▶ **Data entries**
• • • • • • •

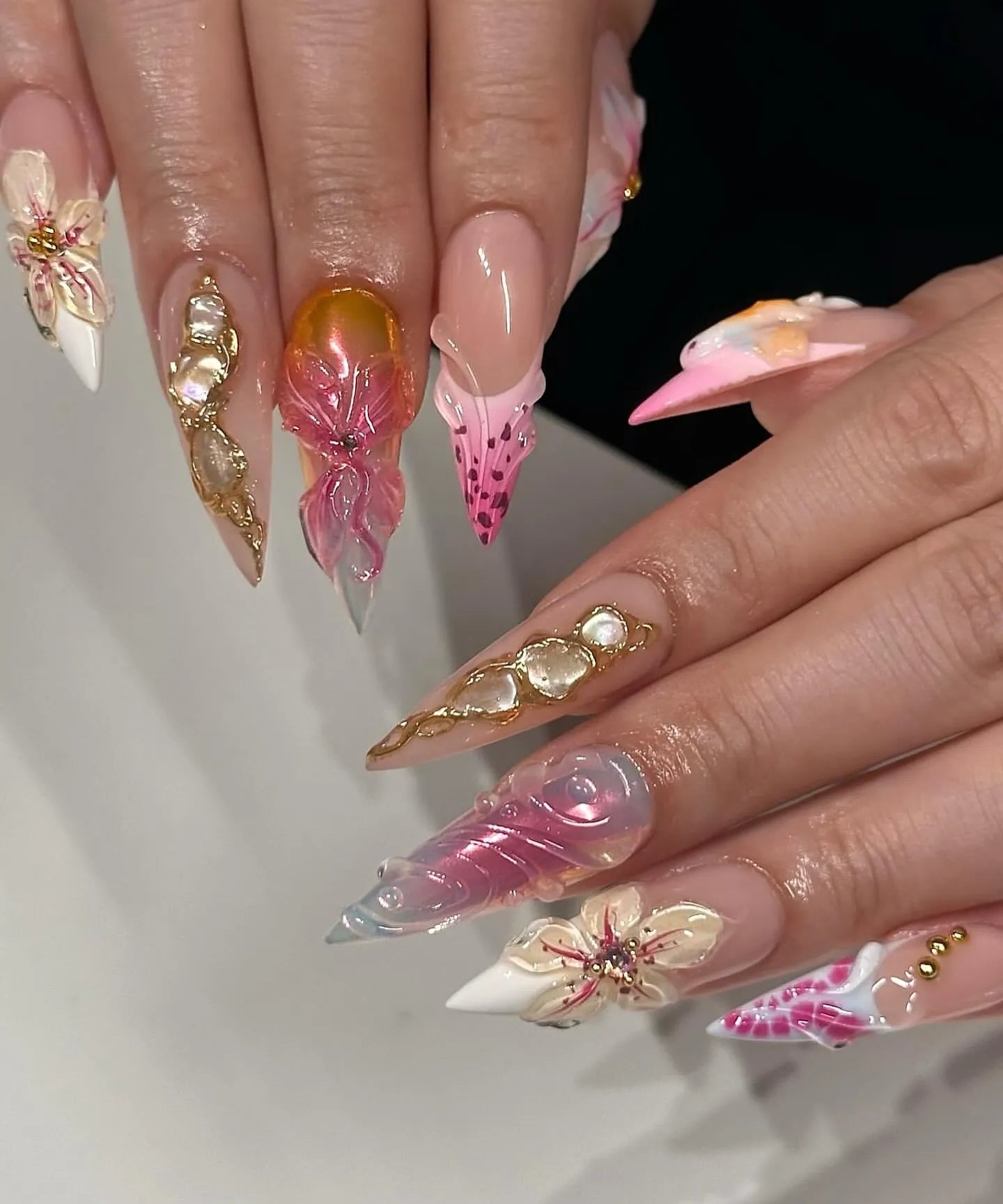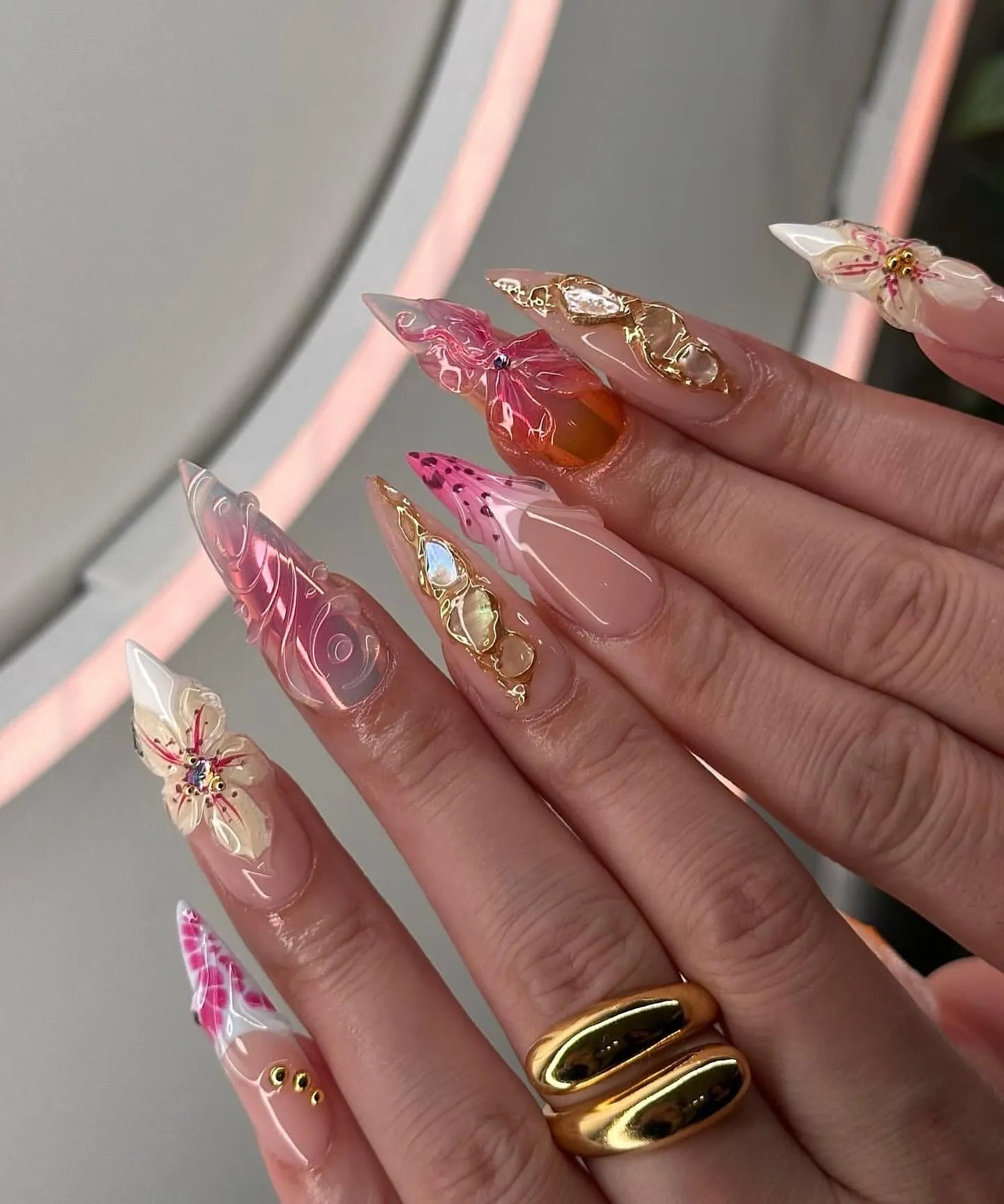 Handmade Pink Holographic Sculpted Butterfly Gold Foil Press on Nails A93
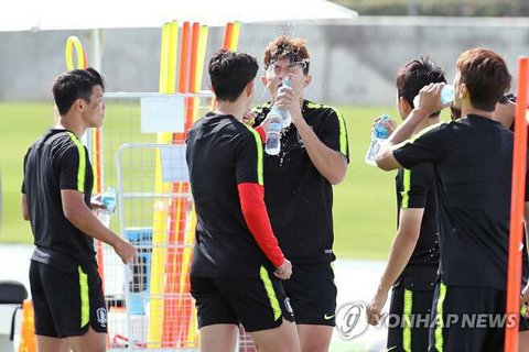 파울루 벤투 감독이 이끄는 축구 국가대표팀 손흥민(왼쪽)이 18일 오전(현지시간) 아랍에미리트 두바이 NAS 스포츠 컴플렉스에서 훈련 도중 김민재 선수에게 장난으로 물을 뿌리고 있다.
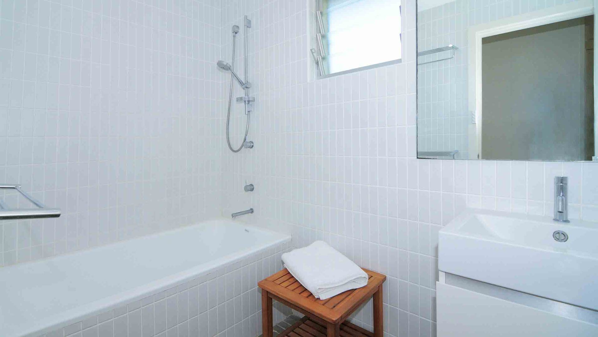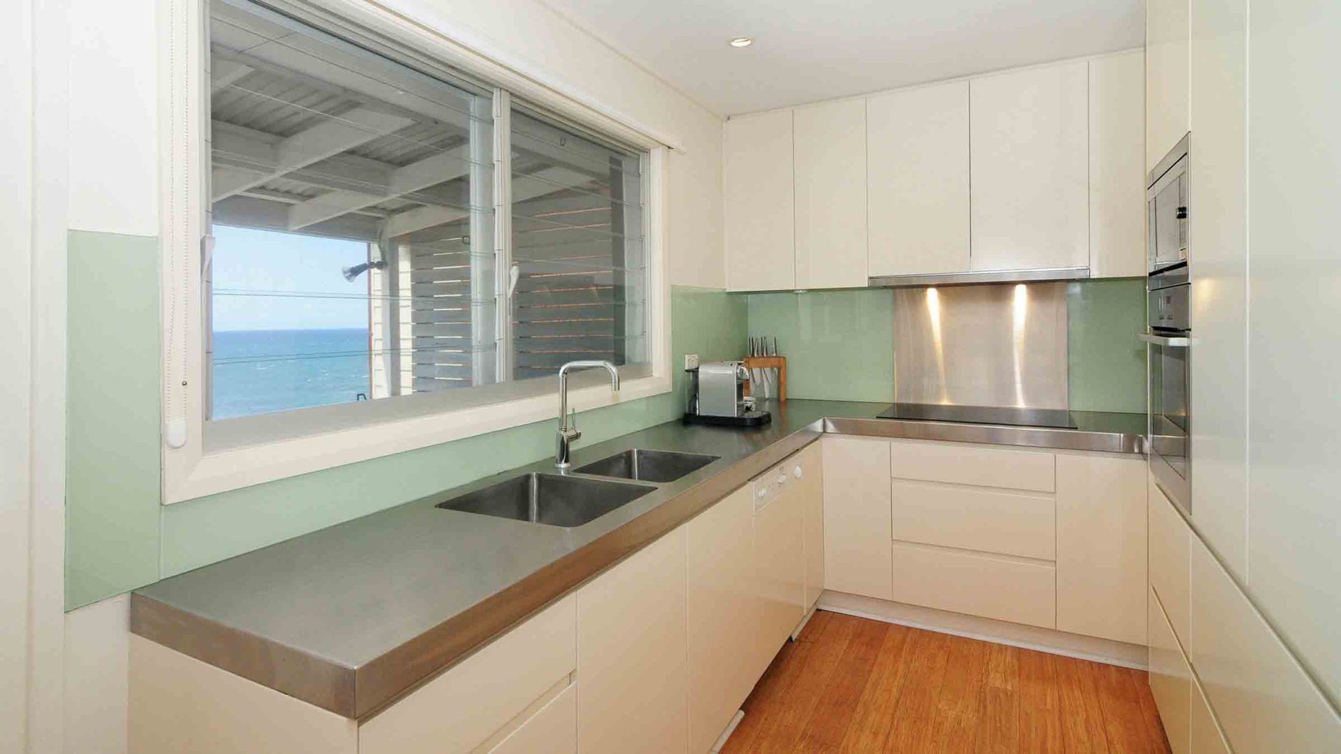 Bedroom One has a king bed, 40"Smart TV and views over Shelley Beach. Bedroom Two has a king bed. Bedroom Three has two single beds. There is one bathroom in the house with shower over bath, vanity and separate toilet and another shower and toilet located down the external stairs in the laundry. The kitchen, dining and living areas are all open plan, there is a dining recess with long timber table and chairs,. The stylish living area has leather lounge suites and a 40"Smart TV with Netflix. The kitchen is very well-equipped with a pod coffee machine compatible with Nespresso Original line pods.
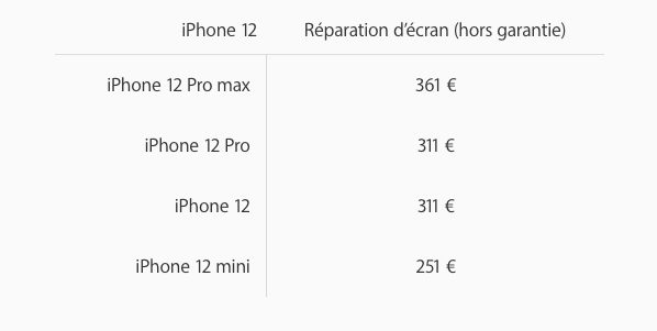 Après le lancement de la précommande des iPhone 12 mini et des iPhone 12 Pro Max, Apple a dévoilé les prix de réparation des modèles en question.
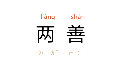 引《后汉书·皇后纪上·明德马皇后》:“太后报曰:‘吾反覆念之,思令两善。岂徒欲获谦让之名,而使帝受不外施之嫌哉!’”王先谦 集解引《资治通鉴》 胡三省 注:“两善,谓国家无滥恩,而外戚亦以安全也。”《新唐书·郭子仪传》:“吐蕃 本吾舅甥国,无负而来,弃亲也。马牛被数百里,公等若倒戈乘之,若俯取一芥,是谓天赐,不可失。且逐戎得利,与我继好,不两善乎?”
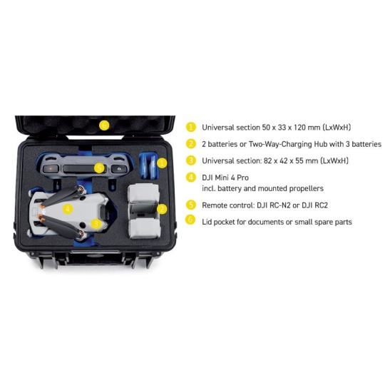 The outdoor.case 2000 with foam insert for DJI Mini 4 Pro offers, despite its compact size, space for a DJI Mini 4 Pro (DJI RC-N2 or DJI RC2) or the extensive DJI Mini 4 Pro Fly More Combo and additional equipment. Thanks to the customised foam insert it is possible, to safely transport up to 4 battery packs (one of which in the copter) in the case.
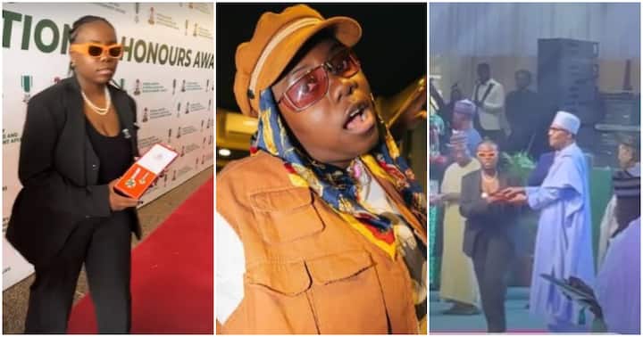 The video from the award ceremony showed when Teni, who donned a suit, was called upon to receive her award, after being conferred with the Member of the Order of the Niger (MON) award.
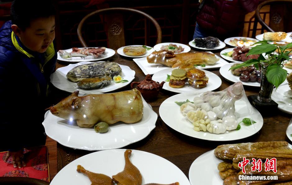 2月1日,中國農(nóng)歷猴年新春佳節(jié)將至,正在福州古街展出的143道不乏福州傳統(tǒng)特色、驚艷眾人的壽山石作品“滿漢全席”,吸引眾多市民及外地游客前來觀展。這些“菜肴”均由產(chǎn)自福州的各類壽山石雕刻加工而成。劉可耕 攝
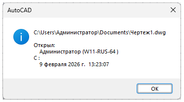 После указания файла чертежа отображается информация о файле, которая включает в себя полный путь к файлу, имя текущего пользователя, имя компьютера и дата и время, когда чертеж был открыт. Аналогичная информация автоматически отображается при попытке открытия файла чертежа, уже открытого другим пользователем.
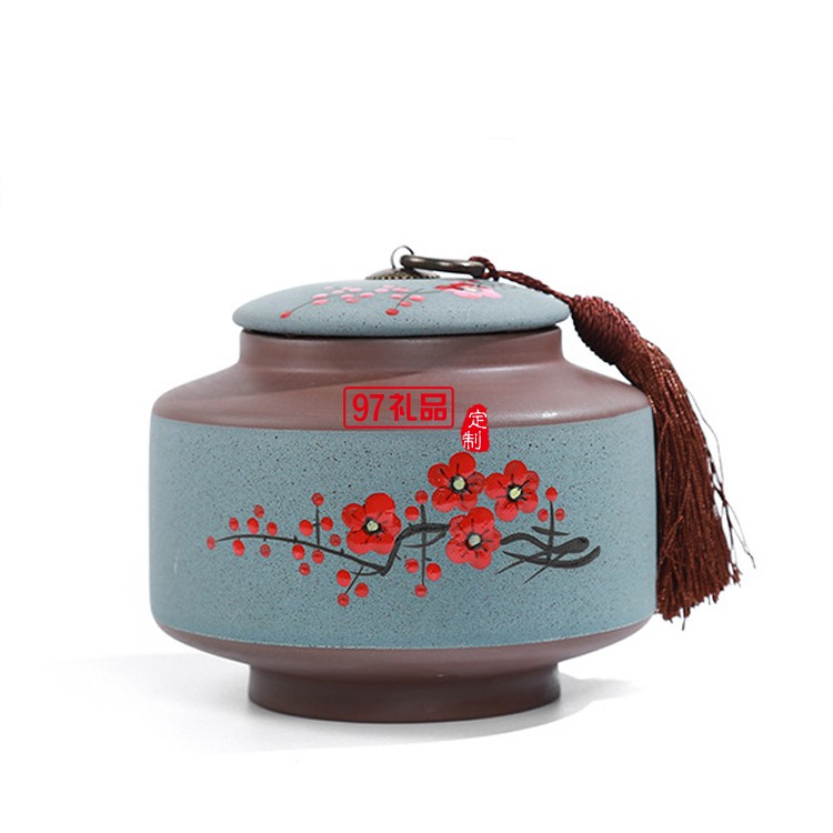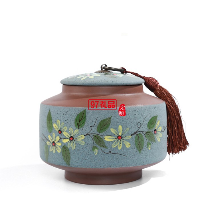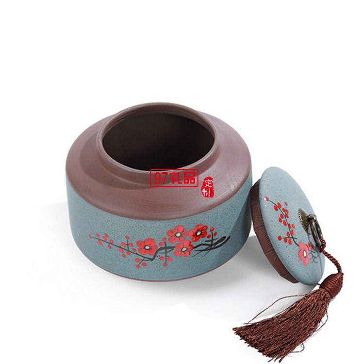 手繪陶瓷茶葉罐密封罐便攜定制公司廣告禮品

• • • • • • •

▶ **About this task**
Reproduce the data above word for word from its first line through the line that holds "파울루 벤투 감독이 이끄는", both ends included; skip pictures.

▶ **Answer to the problem**
 Handmade Pink Holographic Sculpted Butterfly Gold Foil Press on Nails A93
 파울루 벤투 감독이 이끄는 축구 국가대표팀 손흥민(왼쪽)이 18일 오전(현지시간) 아랍에미리트 두바이 NAS 스포츠 컴플렉스에서 훈련 도중 김민재 선수에게 장난으로 물을 뿌리고 있다.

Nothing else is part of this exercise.